Following last year’s Nobel peace prize award to former Vice President Al Gore and 2002’s peace prize to former President Jimmy Carter, some on the right have dismissed the Nobels as politically motivated. By picking one of the best-known voices on the left three weeks before a presidential election, The Royal Swedish Academy is sure to provoke further criticism.

But academic economists said Krugman’s work merited the prize.

“The prize was rightly given for his early academic work on the theory of international trade, not his more recent work as a political pundit,” said Harvard economist N. Gregory Mankiw, former chairman of President Bush’s Council of Economic Advisers.

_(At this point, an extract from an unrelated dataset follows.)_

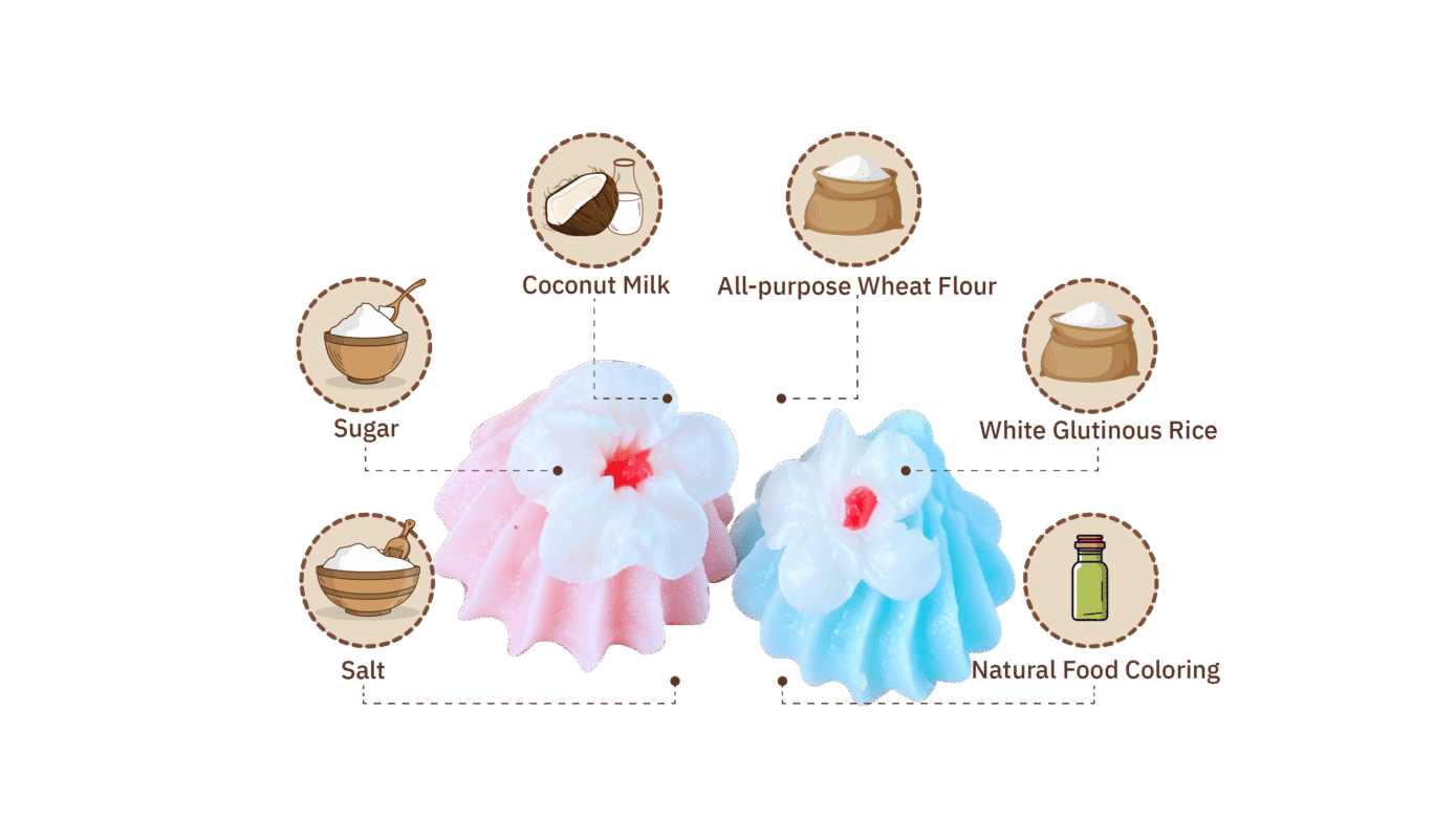 is a traditional Thai dessert made from wheat flour, sugar, and coconut milk. It comes in small, colorful pieces with a delightful texture — crisp on the outside and chewy inside. The sweet aroma of coconut milk and sugar makes it irresistible. Alua is often shaped into tiny flowers or teardrop forms and requires skillful baking to achieve its signature crispy shell and soft center. This charming sweet is commonly served during Thai festivals and special occasions as a symbol of happiness and good fortune.
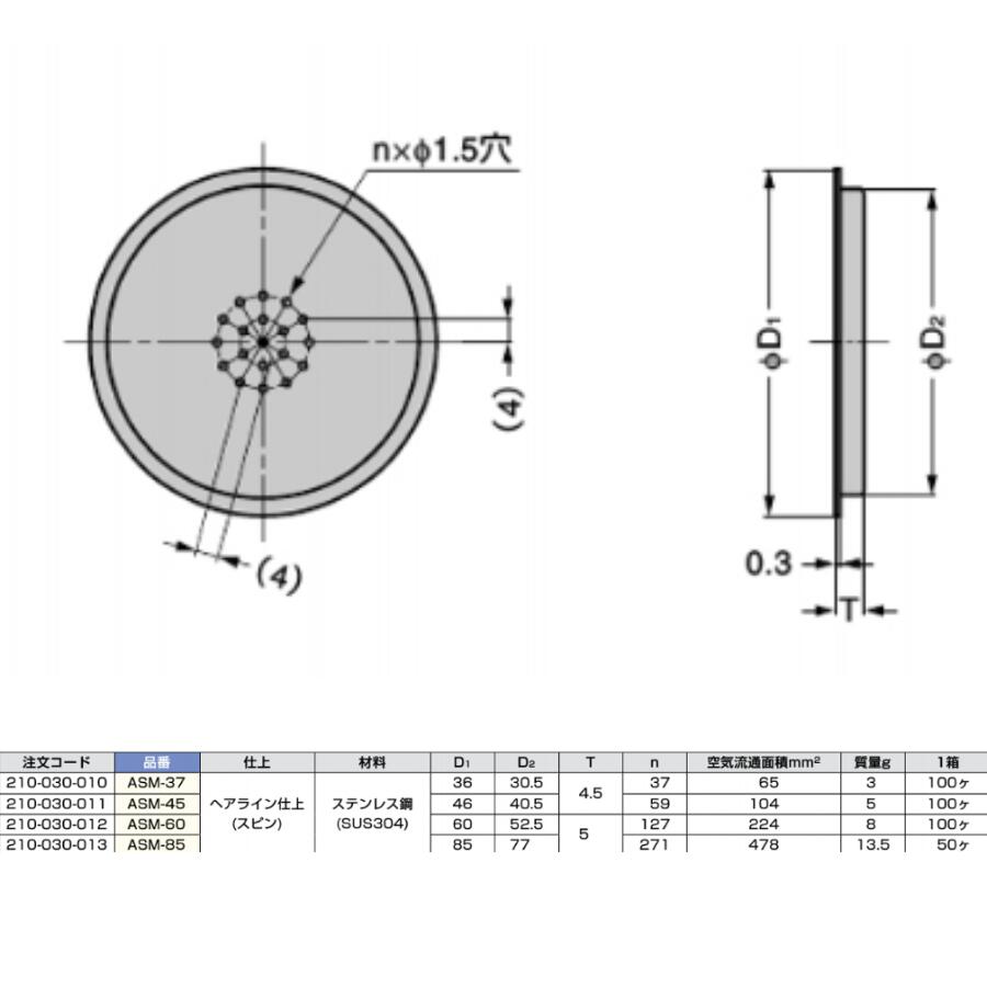スガツネ工業 ランプ印 ステンレス鋼製空気孔 ASM型 ASM-60

  Winners of the Nobel economics prize

Recent winners of the Nobel Memorial Prize in Economic Sciences, and their research, according to the Nobel Foundation:

—2008: American Paul Krugman for his analysis of trade patterns and location of economic activity.

—2007: Americans Leonid Hurwicz, Eric S. Maskin and Roger B. Myerson for laying the foundations of mechanism design theory.

—2006: American Edmund S. Phelps for furthering the understanding of the trade-offs between inflation and its effects on unemployment.

—2005: Robert J. Aumann, of Israel and the United States, and American Thomas C. Schelling, for their work in game-theory analysis.

—2004: Finn E. Kydland, Norway, and Edward C. Prescott, United States, for their contribution to dynamic macroeconomics.

—2003: Robert F. Engle, United States, and Clive W.J. Granger, Britain, for their use of statistical methods for economic time series.

—2002: Daniel Kahneman, United States and Israel, and Vernon L. Smith, United States, for pioneering the use of psychological and experimental economics in decision-making.

—2001: George A. Akerlof, A. Michael Spence and Joseph E. Stiglitz, United States, for research into how the control of information affects markets.

—2000: James J. Heckman and Daniel L. McFadden, United States, for their work in developing theories to help analyze labor data and how people make work and travel decisions.

Source: The Associated Press

Krugman, 55, was the lone winner of the $1.4 million award and the latest in a string of Americans to be honored. It was only the second time since 2000 that a single laureate won the prize, which is typically shared by two or three researchers.

Krugman is the rare academic economist who is also part of pop culture. A YouTube video of Krugman’s joint appearance with Fox News pundit Bill O’Reilly on “Meet the Press” has been viewed by more than 100,000 people. Besides co-authoring textbooks, he has written two best-sellers, “The Great Unraveling: Losing Our Way in the New Century” and “The Conscience of a Liberal.”

Always outspoken, Krugman has compared the current financial crisis to Great Depression, saying Monday that he hoped a global effort to address the crisis might work.

“I’m slightly less terrified today than I was on Friday,” he said, referring to the weekend talks among European leaders that led to the partial nationalization of British banks and unlimited access to U.S. dollars for banks worldwide.